== DIRECTIONS FOR THIS TASK ==
Please filter the entries for the word "heeft" and copy every line that has it.
MATERIAL PROVIDED section start
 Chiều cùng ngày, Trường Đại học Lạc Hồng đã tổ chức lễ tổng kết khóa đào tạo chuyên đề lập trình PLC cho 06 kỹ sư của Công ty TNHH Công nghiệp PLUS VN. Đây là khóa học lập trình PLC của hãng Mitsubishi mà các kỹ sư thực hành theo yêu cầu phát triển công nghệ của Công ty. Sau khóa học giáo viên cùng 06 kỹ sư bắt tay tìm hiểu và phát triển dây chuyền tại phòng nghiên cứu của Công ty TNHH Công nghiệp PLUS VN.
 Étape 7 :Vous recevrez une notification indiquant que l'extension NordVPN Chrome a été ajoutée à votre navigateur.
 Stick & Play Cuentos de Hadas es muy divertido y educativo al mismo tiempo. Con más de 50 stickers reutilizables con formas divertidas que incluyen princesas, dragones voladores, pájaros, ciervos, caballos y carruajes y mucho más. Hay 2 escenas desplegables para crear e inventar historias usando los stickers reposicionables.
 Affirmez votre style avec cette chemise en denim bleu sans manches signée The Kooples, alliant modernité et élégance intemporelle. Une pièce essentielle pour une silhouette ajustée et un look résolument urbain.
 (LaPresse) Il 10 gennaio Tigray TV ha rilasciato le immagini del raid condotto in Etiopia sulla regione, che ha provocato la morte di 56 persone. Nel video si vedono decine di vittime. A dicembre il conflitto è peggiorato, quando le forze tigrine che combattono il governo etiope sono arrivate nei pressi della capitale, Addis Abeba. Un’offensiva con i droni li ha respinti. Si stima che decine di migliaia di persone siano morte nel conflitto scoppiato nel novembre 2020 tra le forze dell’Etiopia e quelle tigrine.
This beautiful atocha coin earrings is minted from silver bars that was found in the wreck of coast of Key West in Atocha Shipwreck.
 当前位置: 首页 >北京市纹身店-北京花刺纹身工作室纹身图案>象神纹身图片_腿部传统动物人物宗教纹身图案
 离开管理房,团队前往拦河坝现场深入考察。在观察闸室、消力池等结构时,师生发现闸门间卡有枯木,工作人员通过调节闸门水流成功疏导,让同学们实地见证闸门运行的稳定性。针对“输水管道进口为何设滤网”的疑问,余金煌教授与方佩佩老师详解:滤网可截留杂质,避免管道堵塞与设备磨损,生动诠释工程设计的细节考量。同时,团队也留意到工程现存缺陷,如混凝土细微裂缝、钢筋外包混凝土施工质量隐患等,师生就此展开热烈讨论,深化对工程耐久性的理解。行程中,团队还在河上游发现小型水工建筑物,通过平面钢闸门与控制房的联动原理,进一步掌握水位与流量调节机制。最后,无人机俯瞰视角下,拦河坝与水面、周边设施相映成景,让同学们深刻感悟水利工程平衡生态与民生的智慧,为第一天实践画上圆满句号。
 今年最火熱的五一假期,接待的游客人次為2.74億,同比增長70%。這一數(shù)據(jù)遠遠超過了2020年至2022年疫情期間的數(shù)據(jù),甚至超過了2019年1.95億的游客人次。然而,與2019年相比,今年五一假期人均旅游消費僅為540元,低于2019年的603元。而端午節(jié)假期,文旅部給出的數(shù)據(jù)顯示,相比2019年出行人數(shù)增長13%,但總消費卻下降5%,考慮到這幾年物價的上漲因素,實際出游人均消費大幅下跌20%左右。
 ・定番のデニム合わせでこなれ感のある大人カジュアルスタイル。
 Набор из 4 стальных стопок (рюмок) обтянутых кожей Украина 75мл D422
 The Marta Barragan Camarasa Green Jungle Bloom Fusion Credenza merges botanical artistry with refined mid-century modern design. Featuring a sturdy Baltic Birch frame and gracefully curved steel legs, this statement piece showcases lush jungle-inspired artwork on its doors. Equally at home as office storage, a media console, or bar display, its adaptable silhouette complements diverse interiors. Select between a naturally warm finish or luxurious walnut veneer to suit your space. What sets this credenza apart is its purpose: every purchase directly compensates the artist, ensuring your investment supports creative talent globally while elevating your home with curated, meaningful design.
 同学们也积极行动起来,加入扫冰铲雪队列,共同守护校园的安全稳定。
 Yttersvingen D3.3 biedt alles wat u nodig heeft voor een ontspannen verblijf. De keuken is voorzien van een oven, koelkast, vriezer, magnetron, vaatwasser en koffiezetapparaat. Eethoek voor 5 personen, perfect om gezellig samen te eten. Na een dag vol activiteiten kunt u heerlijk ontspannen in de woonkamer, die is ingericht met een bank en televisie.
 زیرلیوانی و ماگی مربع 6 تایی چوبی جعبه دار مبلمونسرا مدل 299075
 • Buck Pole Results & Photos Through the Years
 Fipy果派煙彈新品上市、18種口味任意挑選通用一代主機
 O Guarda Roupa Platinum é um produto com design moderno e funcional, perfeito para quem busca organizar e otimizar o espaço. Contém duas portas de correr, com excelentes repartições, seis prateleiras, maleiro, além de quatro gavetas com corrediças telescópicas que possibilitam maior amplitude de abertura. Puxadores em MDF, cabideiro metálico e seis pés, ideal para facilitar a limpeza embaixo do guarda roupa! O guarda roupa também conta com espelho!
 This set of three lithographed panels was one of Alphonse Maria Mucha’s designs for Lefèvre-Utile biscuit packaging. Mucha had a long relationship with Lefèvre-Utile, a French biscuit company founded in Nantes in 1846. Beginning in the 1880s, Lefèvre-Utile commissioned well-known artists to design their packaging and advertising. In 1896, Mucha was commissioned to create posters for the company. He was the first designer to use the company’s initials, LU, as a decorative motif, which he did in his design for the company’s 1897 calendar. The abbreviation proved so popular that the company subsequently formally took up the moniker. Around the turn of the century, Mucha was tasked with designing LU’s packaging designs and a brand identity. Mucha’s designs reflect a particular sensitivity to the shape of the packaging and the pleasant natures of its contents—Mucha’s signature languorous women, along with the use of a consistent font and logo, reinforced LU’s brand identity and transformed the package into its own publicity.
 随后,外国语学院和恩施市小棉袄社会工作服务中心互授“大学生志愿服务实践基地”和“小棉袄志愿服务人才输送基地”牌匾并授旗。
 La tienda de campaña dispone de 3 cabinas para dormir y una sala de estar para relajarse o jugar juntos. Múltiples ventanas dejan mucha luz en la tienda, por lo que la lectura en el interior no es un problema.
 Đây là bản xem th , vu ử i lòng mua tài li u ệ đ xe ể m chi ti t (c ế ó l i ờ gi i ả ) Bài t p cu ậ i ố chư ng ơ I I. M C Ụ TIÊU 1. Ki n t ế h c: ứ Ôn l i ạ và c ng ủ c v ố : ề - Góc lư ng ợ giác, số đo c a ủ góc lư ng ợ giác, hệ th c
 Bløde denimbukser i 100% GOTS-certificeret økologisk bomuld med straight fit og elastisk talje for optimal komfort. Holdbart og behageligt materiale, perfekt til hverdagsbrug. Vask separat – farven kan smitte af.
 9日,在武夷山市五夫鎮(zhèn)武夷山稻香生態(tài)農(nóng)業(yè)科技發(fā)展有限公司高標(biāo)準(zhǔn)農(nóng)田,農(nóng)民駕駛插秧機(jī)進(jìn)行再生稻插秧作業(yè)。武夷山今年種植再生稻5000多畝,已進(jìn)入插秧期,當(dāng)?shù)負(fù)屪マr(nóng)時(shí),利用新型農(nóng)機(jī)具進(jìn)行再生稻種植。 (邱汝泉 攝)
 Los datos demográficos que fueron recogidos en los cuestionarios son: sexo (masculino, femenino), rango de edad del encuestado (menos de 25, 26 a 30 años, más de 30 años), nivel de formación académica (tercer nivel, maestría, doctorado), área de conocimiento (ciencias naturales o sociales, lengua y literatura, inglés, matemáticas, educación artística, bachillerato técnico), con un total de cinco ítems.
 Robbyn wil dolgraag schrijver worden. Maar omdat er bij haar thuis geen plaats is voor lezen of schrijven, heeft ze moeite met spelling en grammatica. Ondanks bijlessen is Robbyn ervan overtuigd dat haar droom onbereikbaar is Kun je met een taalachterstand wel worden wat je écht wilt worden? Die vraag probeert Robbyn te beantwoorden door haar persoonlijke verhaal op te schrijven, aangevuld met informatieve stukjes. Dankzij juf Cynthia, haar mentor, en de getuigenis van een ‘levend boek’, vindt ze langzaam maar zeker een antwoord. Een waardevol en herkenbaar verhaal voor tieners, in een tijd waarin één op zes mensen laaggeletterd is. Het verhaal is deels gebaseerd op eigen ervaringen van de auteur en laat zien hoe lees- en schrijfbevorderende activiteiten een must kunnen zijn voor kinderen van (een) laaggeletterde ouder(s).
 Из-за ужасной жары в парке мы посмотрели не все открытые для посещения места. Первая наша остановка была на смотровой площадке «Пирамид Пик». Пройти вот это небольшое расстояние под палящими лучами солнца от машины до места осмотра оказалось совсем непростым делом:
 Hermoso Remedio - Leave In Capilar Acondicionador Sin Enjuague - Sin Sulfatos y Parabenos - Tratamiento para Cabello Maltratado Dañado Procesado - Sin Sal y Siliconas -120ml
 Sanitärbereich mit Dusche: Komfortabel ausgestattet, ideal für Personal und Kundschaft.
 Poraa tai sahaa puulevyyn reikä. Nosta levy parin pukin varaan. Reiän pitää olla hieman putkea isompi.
MATERIAL PROVIDED section end
== RESPONSE AREA ==
 Yttersvingen D3.3 biedt alles wat u nodig heeft voor een ontspannen verblijf. De keuken is voorzien van een oven, koelkast, vriezer, magnetron, vaatwasser en koffiezetapparaat. Eethoek voor 5 personen, perfect om gezellig samen te eten. Na een dag vol activiteiten kunt u heerlijk ontspannen in de woonkamer, die is ingericht met een bank en televisie.
 Robbyn wil dolgraag schrijver worden. Maar omdat er bij haar thuis geen plaats is voor lezen of schrijven, heeft ze moeite met spelling en grammatica. Ondanks bijlessen is Robbyn ervan overtuigd dat haar droom onbereikbaar is Kun je met een taalachterstand wel worden wat je écht wilt worden? Die vraag probeert Robbyn te beantwoorden door haar persoonlijke verhaal op te schrijven, aangevuld met informatieve stukjes. Dankzij juf Cynthia, haar mentor, en de getuigenis van een ‘levend boek’, vindt ze langzaam maar zeker een antwoord. Een waardevol en herkenbaar verhaal voor tieners, in een tijd waarin één op zes mensen laaggeletterd is. Het verhaal is deels gebaseerd op eigen ervaringen van de auteur en laat zien hoe lees- en schrijfbevorderende activiteiten een must kunnen zijn voor kinderen van (een) laaggeletterde ouder(s).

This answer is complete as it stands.